4) The use of a GFP tagged protein without demonstrating that the tag is not cleaved from the Zip13 in cells. This is needed to confirm that the GFP signal corresponds to that of the rest of the Zip13. The diffuse background staining seen in some images suggests this could be a problem.
Following this advice, Anti-GFP antibody was used to analyze protein extracts from Da>EGFP (as a control) and Da>dZIP13-EGFP 3rd larvae. The results imply that the EGFP tag is not cleaved from dZIP13 protein in vivo (see Author response image 1), indicating the original signal seen should be largely from dZIP13-EGFP. The original diffuse background signal is likely due to the fact that the picture was not a cofocal image, and was taken under a Nikon ECLIPES 80i microscope.
Because of the lesser quality of this picture, its partial redundancy with Figure 5A and B (which respectively show a myc fusion and dZIP13 antibody staining), and likely misunderstanding arising from it, we decided to remove this particular picture from the current revision.
However, in support of the authors’ conclusions:
1) the data in Figure 7 offer good support of the authors' hypothesis that Zip13 is mediating efflux from an intracellular compartment.
2) The data regarding the rescue of fly Zip13 knockdowns with human Zip13 are convincing.

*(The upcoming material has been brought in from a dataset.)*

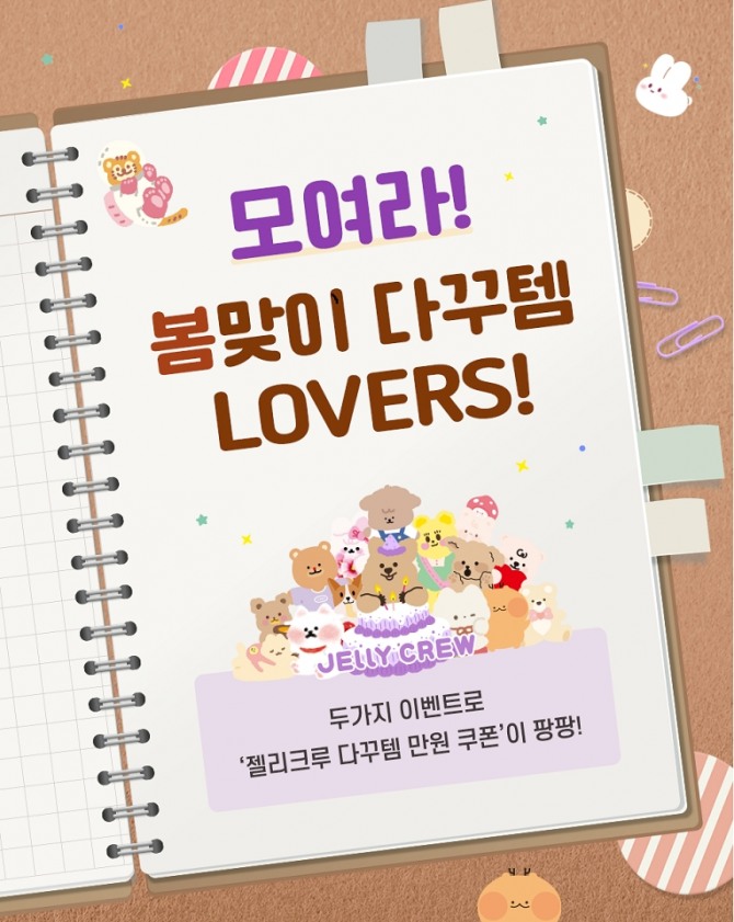 신한은행은 젤리크루 인기작가의 한정판 상품을 구매할 수 있는 '모여라 봄맞이 다꾸템' 쿠폰증정 이벤트를 4월8일까지 진행한다.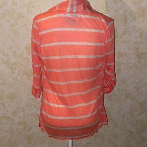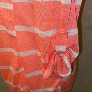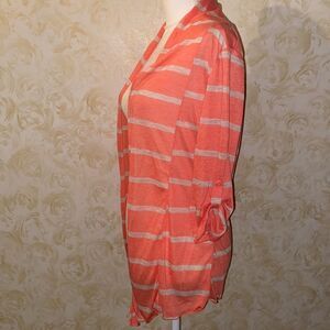 Cute coral and tan striped lightweight cardigan from Enough About Me.

3) The use of the Viking-GFP trap is also highly suggestive that the flies have a defect in collagen production.
In summary, the data suggesting Zip13 is involved in iron transport are strong and significant. The data indicating it is an efflux pump are weaker and not entirely convincing. It would be reasonable to acknowledge the limitations of the efflux data and present them as one possible interpretation of preliminary data, but confirmation would require additional evidence.

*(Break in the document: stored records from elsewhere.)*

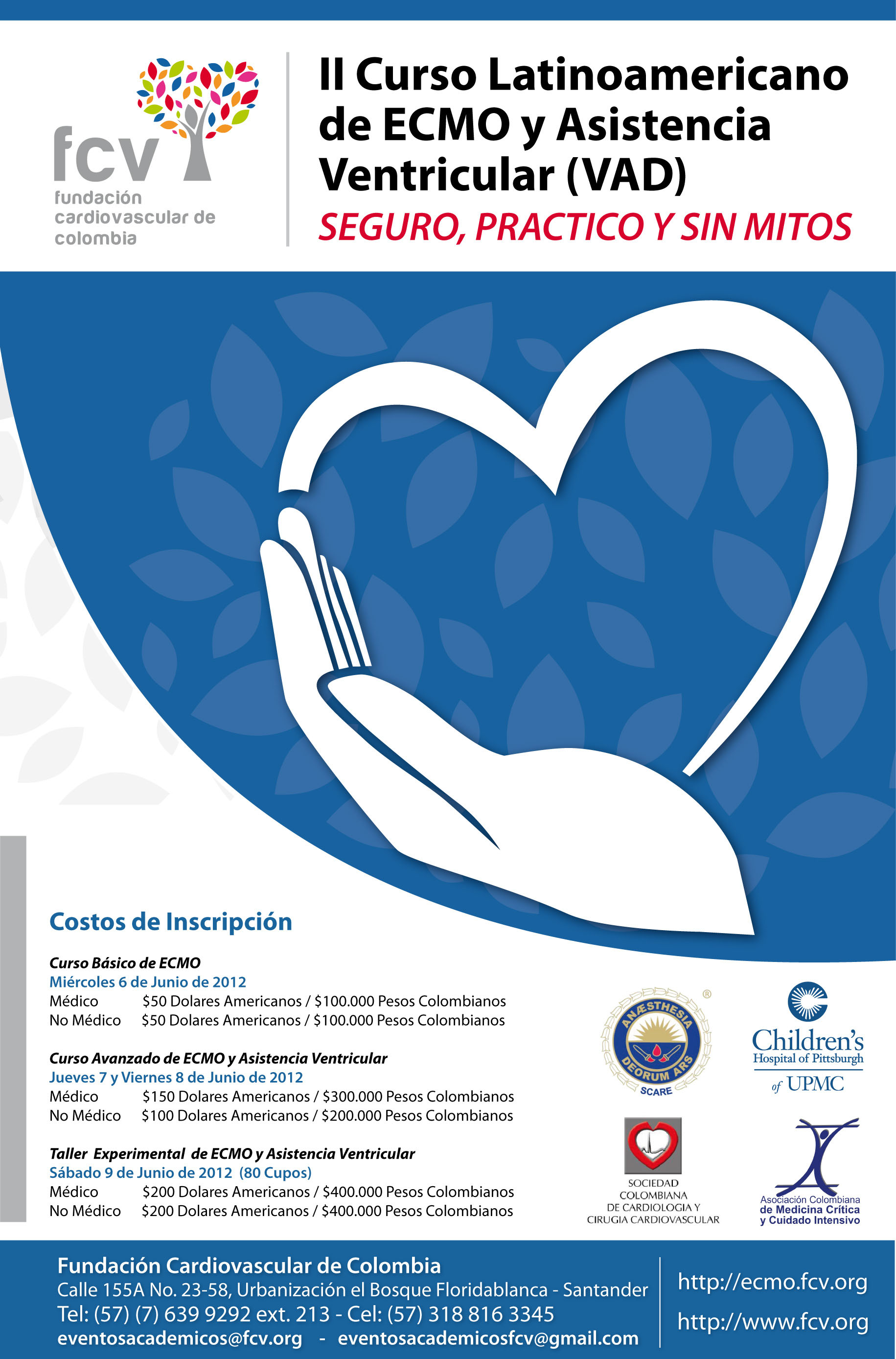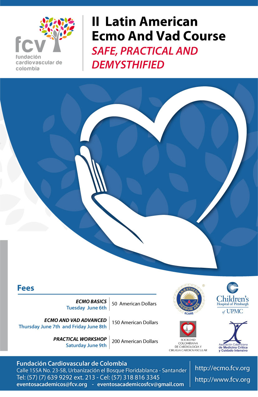 La Fundación Cardiovascular de Colombia está organizando el Segundo Curso Latinoamericano de ECMO y VAD el cual se realizará en Bucaramanga del 6 al 9 de Junio del 2012.
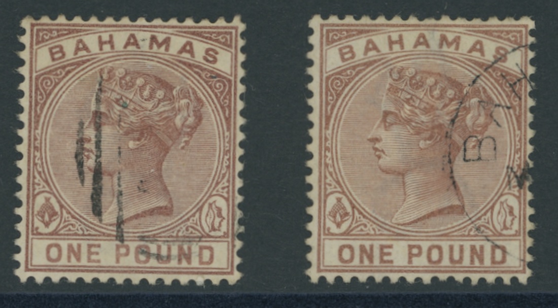 1884-90 £1 Venetian red (2), one cancelled with small part datestamps, the other cancelled part "A05" obliterator; fine. R.P.S. Certificate (1973) for the latter. S.G. 57, £450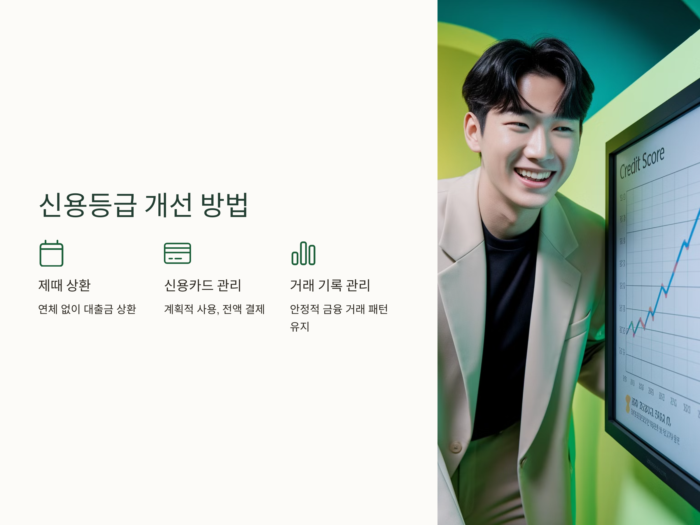 - 대출 상환: 기존의 대출이 있다면 제때 상환하는 것이 중요합니다. 연체가 없으면 신용등급이 점차 개선됩니다.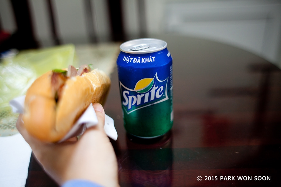 이제 좀 쉬다 호이안 풀문 보러 가야지 ㅋㅋ이제 다낭-호이안 버스는 나를 현지인으로 보는 건지 ㅋㅋ 오늘도 버스비는 현지인 가격으로 지불~ 오면서 버스 안에서 성당이랑 마블 마운틴 사진도 찍고 여유롭게 호이안 도착! 숙소 바로 와서 피곤해서 여주인장에게 샌드위치 있냐고 물으니 있다고... 키티가 호이안 샌드위치 되게 유명하다고 그랬는데 여주인장에게 물어봤더니 사다 주겠다고 Wow~ 쌩유~ 아마 내가 샀으면 이것도 두배 주고 먹었을 듯 ㅋ 암턴 맛있게 스프라이트와 냠냠.

After the revisions, we consider the evidence supporting dZIP13 as iron efflux pump are reasonably or fairly strong. The main supporting evidence, among other evidence, follows:
A) direct evidence is presented to show that when dZIP13 expression is knocked-down, the ER/Golgi lacks iron, while strong indirect evidence is provided (additional evidence provided in this revision as described above) to show cytosol is replete with iron in this case, and vice versa.

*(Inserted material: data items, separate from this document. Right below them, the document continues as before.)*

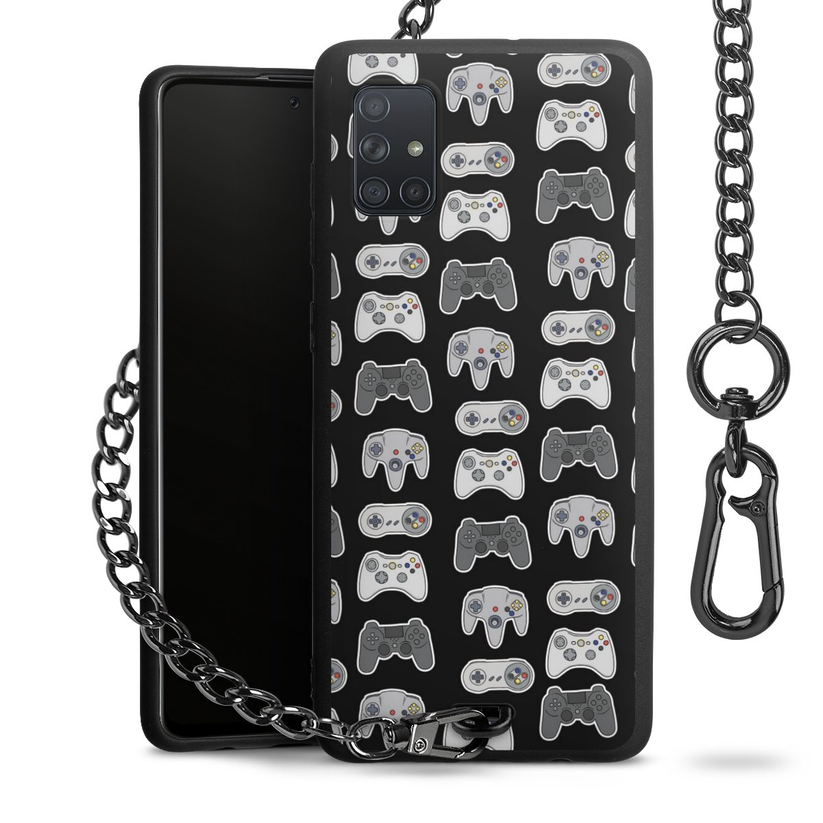 • Mattschwarze Handyhülle mit Metallkette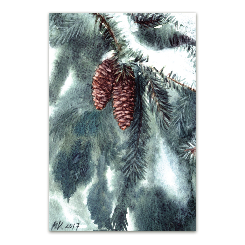 Pühademeeleolus talvekaart Maria Välja akvarellmaaliga "Käbid kuusel". Nostalgiahõnguline jõulukaart.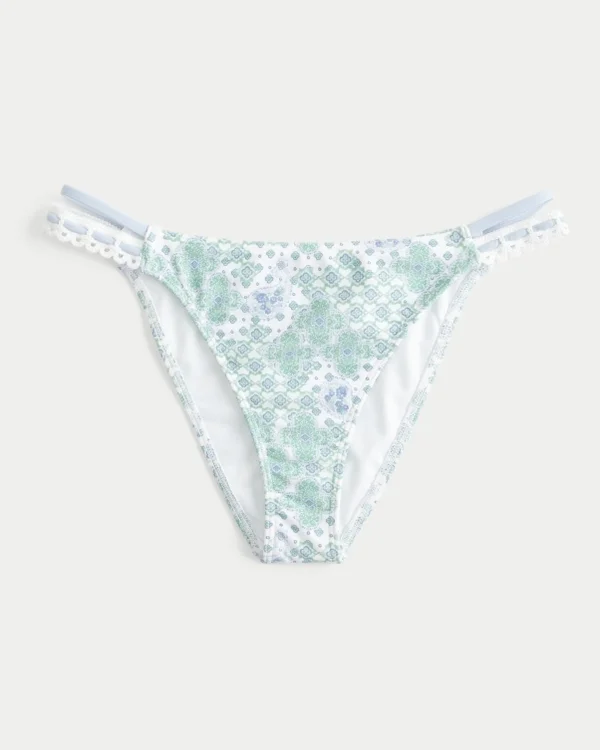 Bonita braguita de bikini con tirantes dobles laterales y ribete de estilo croché. Corte atrevido.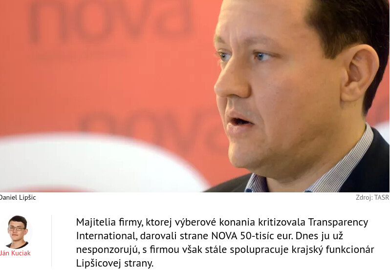 Majitelia firmy, ktorej výberové konania kritizovala Transparency International, darovali strane NOVA 50-tisíc eur. Dnes ju už nesponzorujú, s firmou však stále spolupracuje krajský funkcionár Lipšicovej strany.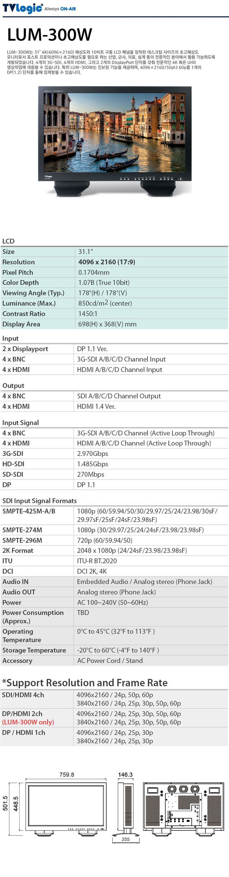 티비로직 LUM-300W /31인치 전문가용 모니터/4K 지원

B) radioisotope iron transport assays with E. coli and ER/Golgi indicate directly dZIP13 as iron efflux pump.
These would be considered very strong evidence for showing a protein as an iron effluxer. However, as also pointed out by the editor/reviewers, it is very unusual when other reported cases of the family members (ZIP or SLC39A) are all importers and this one turns out as an exporter. Having said this, it is also noteworthy that zinc efflux protein ZnT5 (SLC30A5) can mediate zinc transport in both directions (Valentine et al., 2007). In the revision, we added these comments in the Discussion.
At the end of the first paragraph:
“Our studies clearly demonstrated that expressional alteration of dZIP13 mainly affects iron instead of zinc metabolism. Modulating dZIP13 expression in the gut cell resulted opposite iron change in the cytosol and secretory organelles, and radioisotope iron transport assay further showed that dZIP13 mediates iron exporting, providing compelling evidence in supporting dZIP13 as an iron efflux pump. Future biochemistry/biophysical work is needed to decipher the exact mechanistic detail of the transportation process and evidence thus obtained may further substantiate the conclusion of dZIP13 as an iron effluxing protein.”
And at the beginning of fourth paragraph:
“Considering the unusual nature of dZIP13 as an iron exporter while other members of the family (SLC39A) so far identified all appear to be importers, it is noteworthy that zinc efflux protein ZnT5 (SLC30A5) can mediates zinc transport in both directions (Valentine et al., 2007).”